3. Bei einer im Wesentlichen chirurgischen Praxis, bei der von den Leistungen, die in das Regelleistungsvolumen einbezogen werden, über 30 % jeweils im Bereich der Proktologie und im Bereich der Koloskopie erbracht werden, bzw. bei einem Leistungsanteil dieser Bereiche von zusammen von über 45 % an allen abgerechneten Leistungen, liegt ein atypischer Ausnahmefall vor.
Nachgehend
Tatbestand
Die Beteiligten streiten um die Zuerkennung einer Sonderregelung für das Regelleistungsvolumen in den Quartalen II/05 bis II/06.
Die Klägerin ist eine seit dem 01.01.2003 bestehende Gemeinschaftspraxis in A-Stadt (X-zentrum Mittelhessen). Herr Dr. med. C war bis zum 28.04.2003 als Facharzt für Allgemeinmedizin hausärztlich tätig und ist gemäß Beschluss des Zulassungsausschusses seit dem 29.04.2003 zur ausschließlichen Teilnahme an der fachärztlichen Versorgung für das Fachgebiet Chirurgie zugelassen. In diesem Zusammenhang wurde ihm die Abrechnungsgenehmigung u.a. für die Leistungen nach den Ziffern 01740 bis 01742 und 30600 und 30601 EBM 2005 erteilt. Herr Dr. med. D und Herr Dr. med. E sind als Fachärzte für Chirurgie zur vertragsärztlichen Versorgung zugelassen. Sie sind berechtigt, Leistungen aus Kapitel 30.6 EBM 2005 (Proktologie) abzurechnen. Herr Dr. med. E ist ferner berechtigt, Koloskopien abzurechnen. Herr. Dr. med. F ist als Facharzt für Allgemeinmedizin zugelassen und nimmt an der hausärztlichen Versorgung teil. Er ist berechtigt, Leistungen nach den Ziffern 30610 und 30611 EBM 2005 (Behandlung und Entfernung von Hämorrhoiden) und Prokto-/Rektoskopische Untersuchungen nach den Ziffern 03331 EBM 2005 sowie den Zuschlag zu dieser Leistung für die Polypenentfernung nach der Ziffer 03332 EBM 2005 abzurechnen, die im Leistungsinhalt der Ziffern 30600 und 30601 EBM 2005 entsprechen.

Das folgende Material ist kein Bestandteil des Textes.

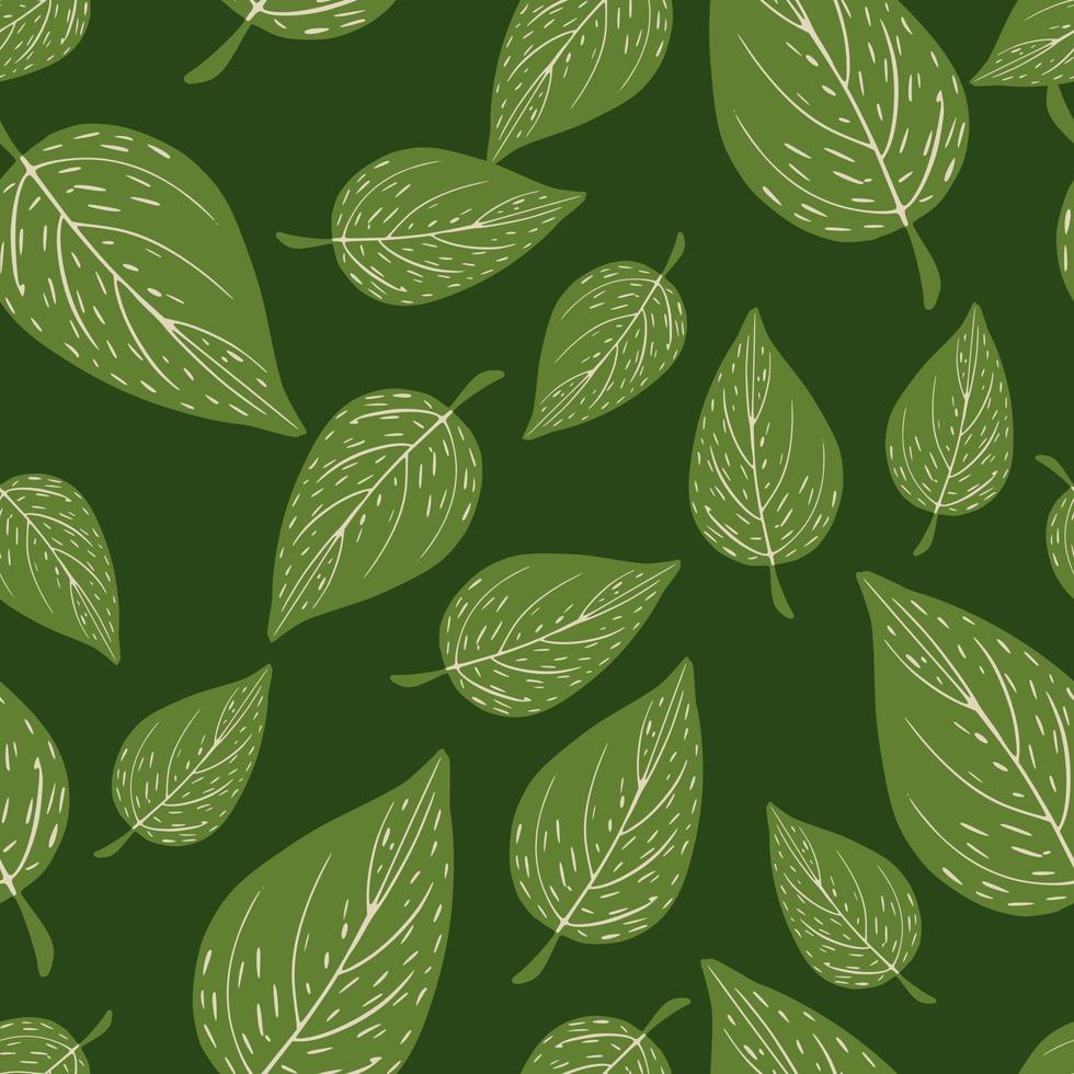 Spring nature seamless pattern with random green leaf silhouettes. Botanic backdrop. Pro Vector

Die Klägerin beantragte am 04.12.2006 für die Abrechnungsquartale ab dem Quartal III/05 die Erteilung eines gesonderten Fallpunktvolumens, welches im Rahmen der Sicherstellung proktologischer Leistungen auf das Regelleistungsvolumen aufgesattelt werden solle. Ein entsprechender Antrag werde von ihrem A-Kooperationspartner eingereicht. Der Umfang, in dem andere Leistungserbringer proktologische Leistungen abrechneten, sei eher als gering einzustufen. Der Aspekt der Sicherstellung habe auch einen quantitativen Aspekt. Die Indikationsstellung zur konservativen Therapie proktologischer Erkrankungen werde umso effizienter und vermeide Therapieverschleppungen, wenn im gleichen spezialisierten Zentrum auch das Spektrum der operativen Verfahren überblickt und bereitgestellt werde. Für die Therapiesicherheit spiele die Erfahrung in der Methode eine wesentliche Rolle. Das Sonderbudget Proktologie solle in Anlehnung an das qualifikationsgebundene gelbe Zusatzbudget des alten EBM (420 Fallpunkte) gestaltet werden.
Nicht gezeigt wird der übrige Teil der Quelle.